# GREAT SPECULATIONS /// Living Pod by David Greene

Published

Back to the classics, the Living Pod is an inventive project by David Greene in 1966 for Archigram. This nomadic dwelling has the characteristics of being represented by a lot of amazing documents produced by Greene in the 60’s. One has to reconsidered that in the context of a very strongly framed Academic milieu (Architecture was still taught in the Beaux Arts in France for example), Archigram’s work was perceived as truly revolutionary.

Paradigms: Trailer homes, ‘Prefabs’, etc. Development: The ‘house’ is regarded here as consisting of two major components: a living-pod and attached machines.

Description:
Part One, a Pod … Colour, bonded white. Twelve support nodes (six tension, six compression). Four apertures (25 per cent surface). one access aperture, all with vacuum fixing seals, inner bonded sandwich of insulation and /or finish. Multi-purpose inflating floor 45 per cent area.

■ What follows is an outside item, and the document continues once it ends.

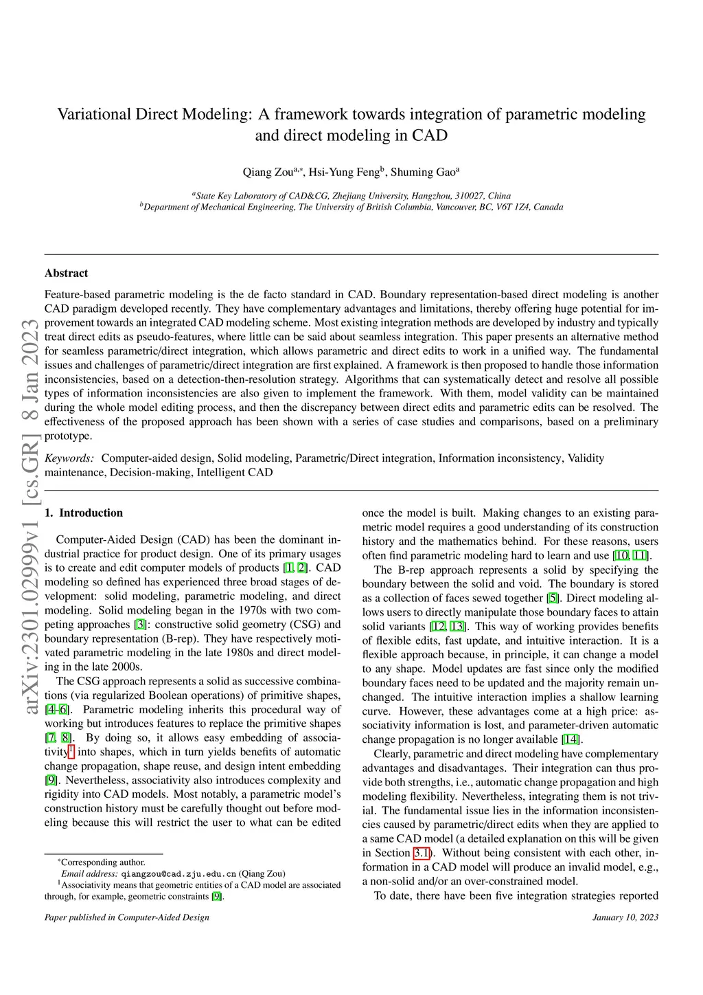 Feature-based parametric modeling is the de facto standard in CAD. Boundary representation-based direct modeling is another CAD paradigm developed recently. They have complementary advantages and limitations, thereby offering huge potential for improvement towards an integrated CAD modeling scheme. Most existing integration methods are developed by industry and typically treat direct edits as pseudo-features, where little can be said about seamless integration. This paper presents an alternative method for seamless parametric/direct integration, which allows parametric and direct edits to work in a unified way. The fundamental issues and challenges of parametric/direct integration are first explained. A framework is then proposed to handle those information inconsistencies, based on a detection-then-resolution strategy. Algorithms that can systematically detect and resolve all possible types of information inconsistencies are also given to implement the framework. With them, model validity can be maintained during the whole model editing process, and then the discrepancy between direct edits and parametric edits can be resolved. The effectiveness of the proposed approach has been shown with a series of case studies and comparisons, based on a preliminary prototype.

Part Two: Machinery, four automatic self-levelling compression legs for maximum 5 feet of water or 40-degree slope. Two transparent sectionalised sliding aperture seals with motors. Transparent entry seal with ramp and hydraulics. Two wash capsules with electrostatic disposal, air entry, and total automatic body cleaning equipment. One only with total body water immersion possibility. Two rotating silos for disposable toilet and clothing objects, etc. Vertical body hoist. Climate machinery for temperate zone (with connections to inflating sleep mats and warm section of inflating floor). Non-static food dispenser with self-cook modifications. Non-static media, teach and work machine with instant transparent cocoon ring. Inflating screens to sleep mats.

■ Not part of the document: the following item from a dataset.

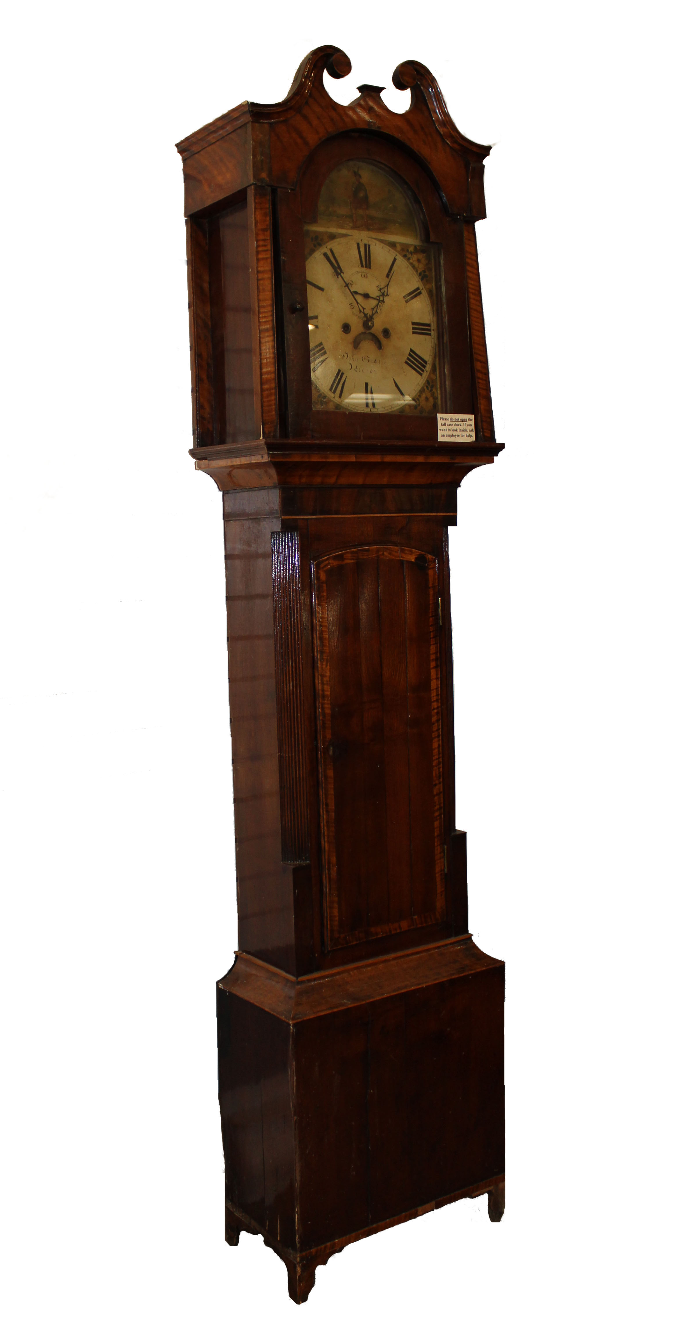 Tall case or long case clock made by John Geddie, Pictou. Name and location of maker printed on clock face.

Appraisal: Although this capsule can be hung within a plug-in urban structure or can sit in the open landscape it is still a ‘house’. Really one is left with a zoomland trailer home. Probably a dead end. A basic assumption that must be reassessed in terms of the possibility of increasing personal mobility and technological advance. Anything is probable. The outcome of rejecting permanence and security in a house brief and adding instead curiosity and search could result in a mobile world – like early nomad societies. In relation to the Michael Webb design, the Suit and Cushicle would be the tent and camel equivalent; the node cores an oasis equivalent: the node cluster communities conditioned by varying rates of change. It is likely that under the impact of the second machine age the need for a house (in the form of permanent static container) as part of man’s psychological make-up will disappear.

With apologies to the master, the house is an appliance for carrying with you, the city is a machine for plugging into.